With the pictures left out, retype exactly the lines below starting at the line that contains "Properties Improvement of" and ending at the line that contains "Heute Abend fällt".

▶ **Data extract**:
========
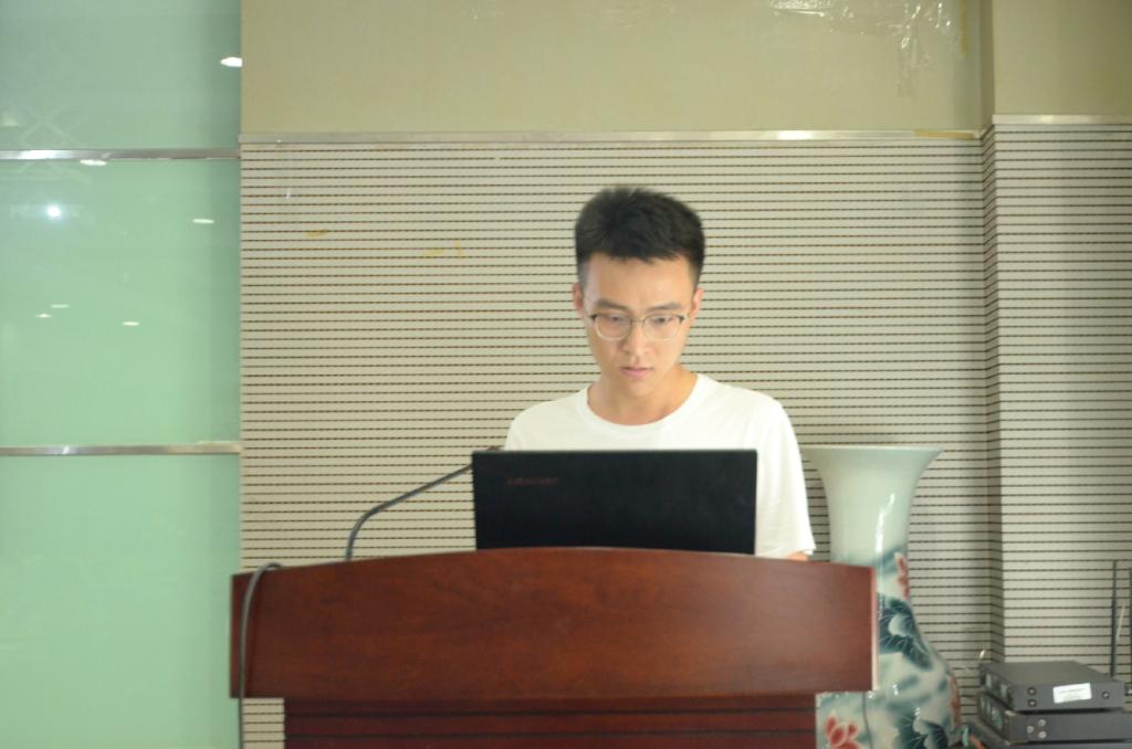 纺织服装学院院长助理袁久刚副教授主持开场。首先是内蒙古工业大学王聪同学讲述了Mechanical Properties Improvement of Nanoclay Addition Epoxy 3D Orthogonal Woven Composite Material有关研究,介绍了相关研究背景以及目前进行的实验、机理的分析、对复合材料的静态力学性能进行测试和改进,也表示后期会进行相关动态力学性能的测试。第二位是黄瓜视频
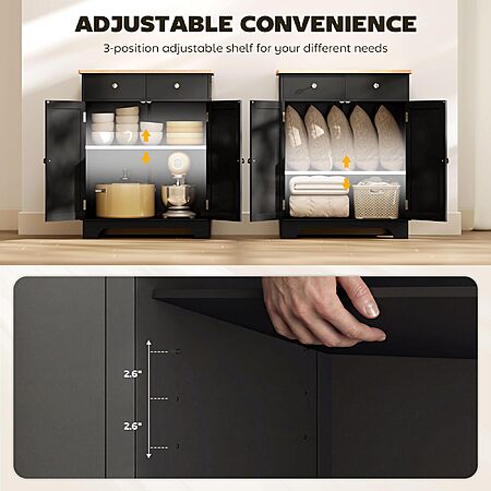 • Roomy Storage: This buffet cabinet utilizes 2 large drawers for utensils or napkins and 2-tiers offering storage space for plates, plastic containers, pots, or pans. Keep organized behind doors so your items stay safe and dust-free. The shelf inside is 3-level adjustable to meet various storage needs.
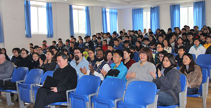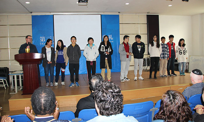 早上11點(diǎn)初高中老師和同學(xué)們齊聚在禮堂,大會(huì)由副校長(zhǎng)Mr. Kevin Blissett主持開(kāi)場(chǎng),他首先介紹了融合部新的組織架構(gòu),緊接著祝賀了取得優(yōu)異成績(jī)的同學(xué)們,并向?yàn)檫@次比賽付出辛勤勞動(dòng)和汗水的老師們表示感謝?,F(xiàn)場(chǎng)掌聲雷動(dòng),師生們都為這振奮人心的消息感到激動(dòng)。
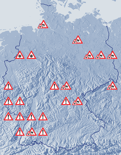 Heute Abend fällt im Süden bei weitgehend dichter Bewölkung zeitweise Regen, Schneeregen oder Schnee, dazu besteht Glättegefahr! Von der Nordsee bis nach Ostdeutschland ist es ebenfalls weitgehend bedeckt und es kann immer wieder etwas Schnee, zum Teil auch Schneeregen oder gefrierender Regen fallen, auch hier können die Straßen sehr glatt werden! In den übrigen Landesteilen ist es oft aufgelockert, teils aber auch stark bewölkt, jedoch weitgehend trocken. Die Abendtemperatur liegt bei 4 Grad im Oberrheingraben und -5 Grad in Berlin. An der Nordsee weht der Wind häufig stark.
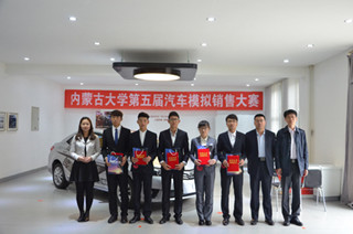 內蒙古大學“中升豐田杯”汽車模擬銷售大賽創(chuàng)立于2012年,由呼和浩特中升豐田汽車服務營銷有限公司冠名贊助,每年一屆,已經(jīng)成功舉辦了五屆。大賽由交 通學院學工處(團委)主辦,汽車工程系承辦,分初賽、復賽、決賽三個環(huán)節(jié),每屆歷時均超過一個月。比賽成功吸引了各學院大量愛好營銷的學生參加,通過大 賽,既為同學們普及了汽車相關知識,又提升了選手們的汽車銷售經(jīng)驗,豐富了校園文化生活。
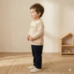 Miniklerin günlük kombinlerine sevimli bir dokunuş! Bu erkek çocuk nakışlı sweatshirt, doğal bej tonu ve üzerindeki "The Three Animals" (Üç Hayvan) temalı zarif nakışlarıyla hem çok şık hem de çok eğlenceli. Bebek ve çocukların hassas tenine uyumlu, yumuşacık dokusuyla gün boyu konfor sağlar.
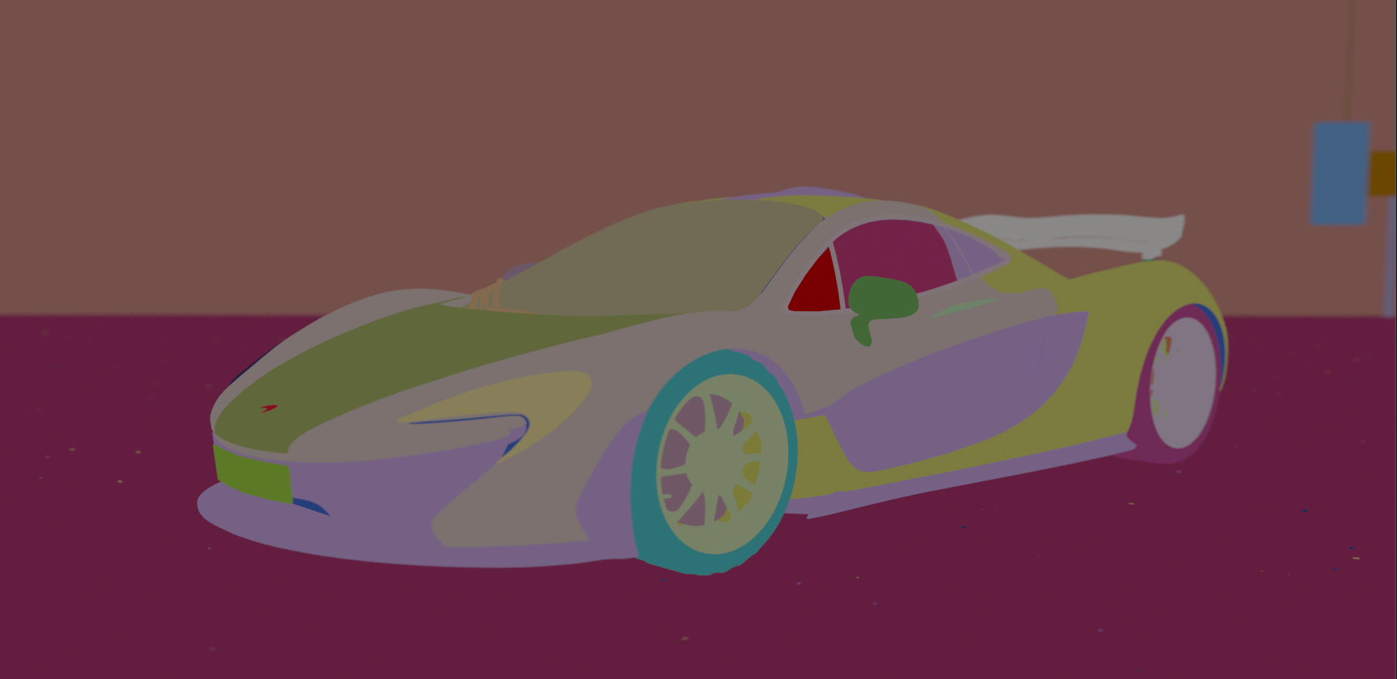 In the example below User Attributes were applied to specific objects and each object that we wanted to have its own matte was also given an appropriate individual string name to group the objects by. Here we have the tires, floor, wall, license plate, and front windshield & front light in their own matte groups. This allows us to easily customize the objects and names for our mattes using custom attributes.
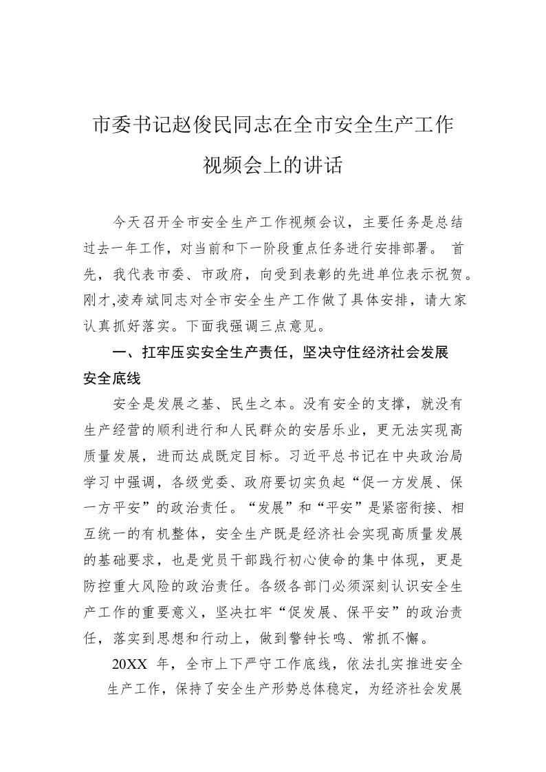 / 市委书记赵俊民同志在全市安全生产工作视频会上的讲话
========
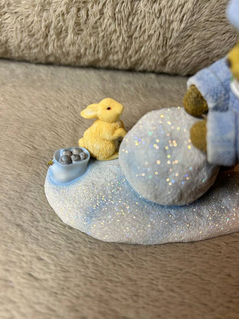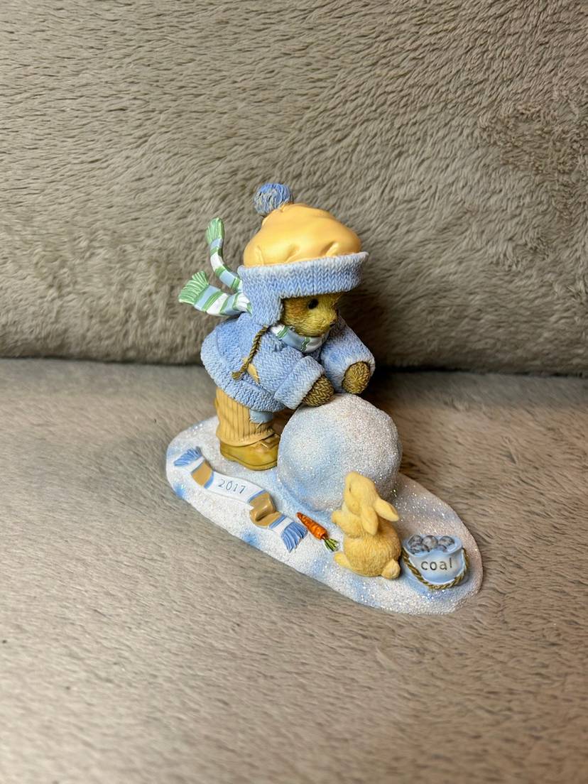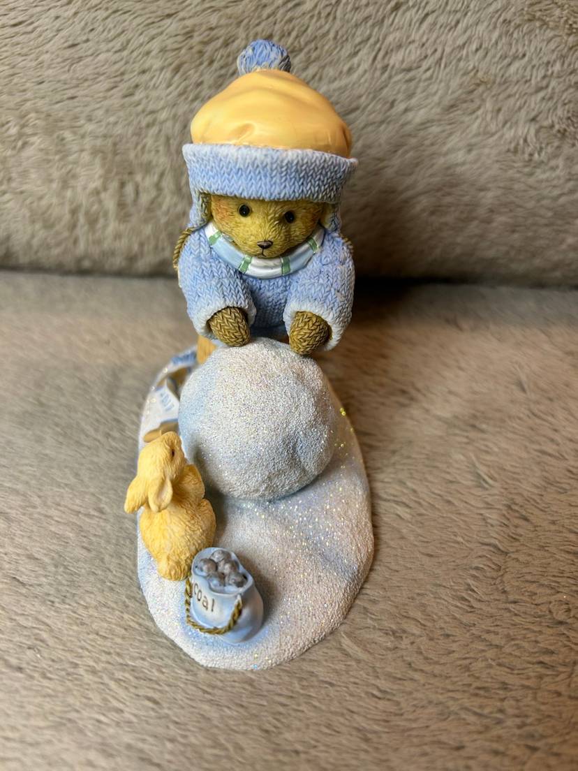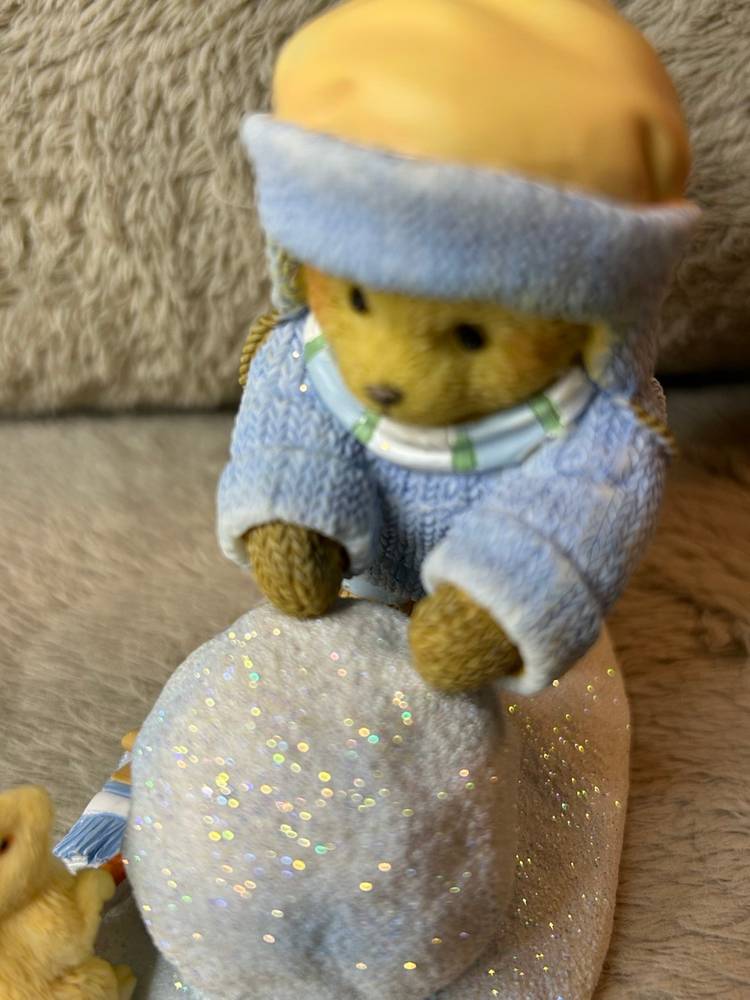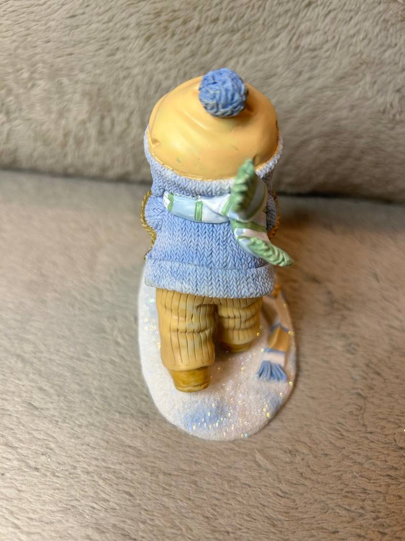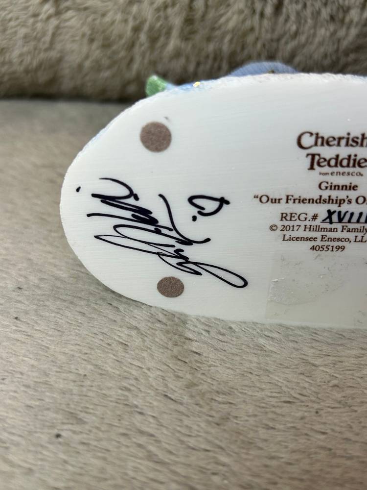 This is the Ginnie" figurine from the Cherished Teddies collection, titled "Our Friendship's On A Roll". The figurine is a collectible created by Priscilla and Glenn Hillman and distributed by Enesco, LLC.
========
▶ **Reply to the exercise**:
 纺织服装学院院长助理袁久刚副教授主持开场。首先是内蒙古工业大学王聪同学讲述了Mechanical Properties Improvement of Nanoclay Addition Epoxy 3D Orthogonal Woven Composite Material有关研究,介绍了相关研究背景以及目前进行的实验、机理的分析、对复合材料的静态力学性能进行测试和改进,也表示后期会进行相关动态力学性能的测试。第二位是黄瓜视频
 • Roomy Storage: This buffet cabinet utilizes 2 large drawers for utensils or napkins and 2-tiers offering storage space for plates, plastic containers, pots, or pans. Keep organized behind doors so your items stay safe and dust-free. The shelf inside is 3-level adjustable to meet various storage needs.
 早上11點(diǎn)初高中老師和同學(xué)們齊聚在禮堂,大會(huì)由副校長(zhǎng)Mr. Kevin Blissett主持開(kāi)場(chǎng),他首先介紹了融合部新的組織架構(gòu),緊接著祝賀了取得優(yōu)異成績(jī)的同學(xué)們,并向?yàn)檫@次比賽付出辛勤勞動(dòng)和汗水的老師們表示感謝?,F(xiàn)場(chǎng)掌聲雷動(dòng),師生們都為這振奮人心的消息感到激動(dòng)。
 Heute Abend fällt im Süden bei weitgehend dichter Bewölkung zeitweise Regen, Schneeregen oder Schnee, dazu besteht Glättegefahr! Von der Nordsee bis nach Ostdeutschland ist es ebenfalls weitgehend bedeckt und es kann immer wieder etwas Schnee, zum Teil auch Schneeregen oder gefrierender Regen fallen, auch hier können die Straßen sehr glatt werden! In den übrigen Landesteilen ist es oft aufgelockert, teils aber auch stark bewölkt, jedoch weitgehend trocken. Die Abendtemperatur liegt bei 4 Grad im Oberrheingraben und -5 Grad in Berlin. An der Nordsee weht der Wind häufig stark.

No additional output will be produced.